Grooving into Guyana

The first impressions of Guyana were slightly amusing. Lots of stuffy looking black chaps in immigration, dressed as if the Brits had never left. But on the plus side the language was English. If with a slightly weird creole lilt. I was asked how long I wanted to stay. I said a week and the nice chap gave me a whole 10 days. Obviously they don't want people overstaying their welcome. Then a bored customs lady wanted to inspect my backpack. She had a quick look in and was obviously repelled by the odours eminating from within as she said ¨Thank you, that's enough¨ seconds after opening it.
In Lethem I sat around a minibus office for about an hour before being told that the bus had actually left... Did it not strike them to tell me this earlier? Or were they just reluctant to upset me after my 18 bus ride from Venezuela? I asked them were there any other busses. ¨No¨. She said I could sleep in the office, I politely declined and asked if there was a hotel in town. ¨No¨ she said. Perhaps an ATM? ¨No¨. She was a right bundle of laughs. I asked her which way the town centre was (we were sitting in a field with a couple of houses around us). She said ¨This is the town centre¨ . Guyana and me were off to a troubled start.
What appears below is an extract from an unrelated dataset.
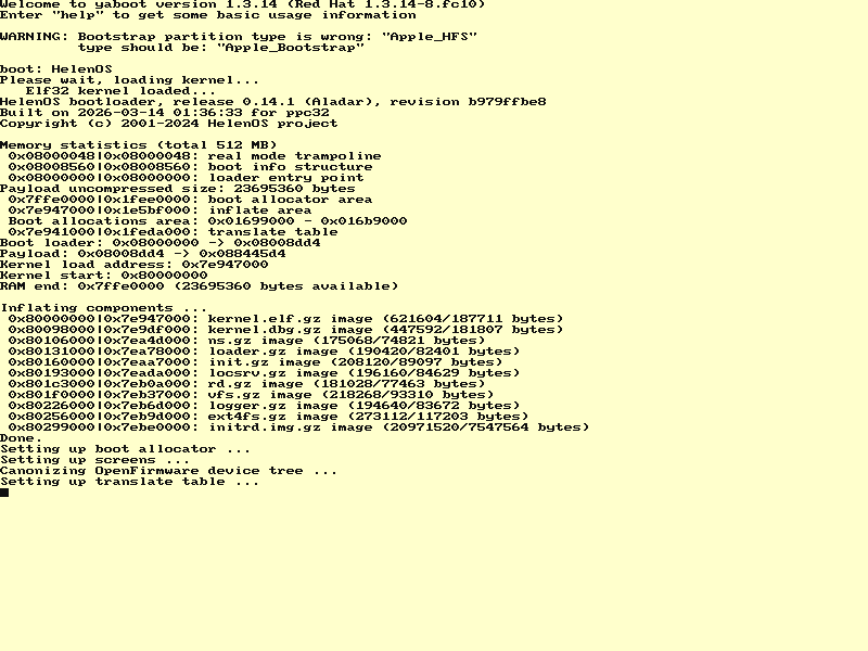 | ppc32 | Failed | Last screen, Terminal dump | View (tail) | 16 s |

Reassesing her office floor I finally got a ¨yes¨ when I asked if there was internet access somewhere.
I logged on and googled ¨Lethem Bus¨ and ¨Lethem hotel¨. There were indeed 2 hotels and apparently a night bus at 9. Fantastic! I nearly went back to minibus lady and blew a raspberry in her face. I found my way to the bus ¨terminal¨ at 6 only to be told that the ticket seller was closed. I riposted with ultimate logic that the bus wasn't leaving till 9, a whole 3 hours of time for me to obtain a ticket. ¨No, it's closed¨ explained the lady as if I were an imbicile. So despite the fact that the bus was probably half empty I left sans ticket and checked into the Kakuru hotel which proved quite decent.
Things started looking up even more over dinner where my hostess with the mostess kept taking the mickey out of me at every opportunity. She was laughing to herself as she told me my white face glowed in the dark. It was good clean banter and I had a couple of beers and laughed away with her. Guyana and myself were geting to know and like each other.
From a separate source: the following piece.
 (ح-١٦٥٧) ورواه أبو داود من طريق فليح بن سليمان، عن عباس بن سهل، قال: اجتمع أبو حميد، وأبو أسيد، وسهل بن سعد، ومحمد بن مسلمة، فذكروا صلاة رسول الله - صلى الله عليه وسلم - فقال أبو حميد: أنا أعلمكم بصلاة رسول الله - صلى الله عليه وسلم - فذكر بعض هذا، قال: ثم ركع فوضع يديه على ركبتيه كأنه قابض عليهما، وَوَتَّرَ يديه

The next morning I managed to get my ticket and waited for the bus which turned up only an hour or so late. The journey was 12 hours long and was quite spectacular - from the pampa like plains to the south of Guyana we gradually transgressed into the deepest, darkest rainforest you have ever seen. The main ¨road¨ to Georgetown was a mud track cut right through the middle of the forest. At most the road was 4 meters wide. At one stage the bus had to get on a ferry to cross a river. Whilst we were waiting for the ferry (which was obviously in no hurry) macaws flew by and even a Toucan made an appearance. It was just like you picture a rainforest, complete with weird sounds coming from deep within the trees. We drove for at least 5 hours through the forest, which just got more and more dense. Ocassionaly we would pass by a military check point where we would all have to leave the bus, show our passports and get back on again. The whole day we passed a sum total of 6 cars and finally around 10pm we exited the jungle and soon hit a main road and were in Georgetown in jig time, where I crashed into bed in the lovely Rima Guesthouse.
Yes, Guyana and myself were definitely now getting it on.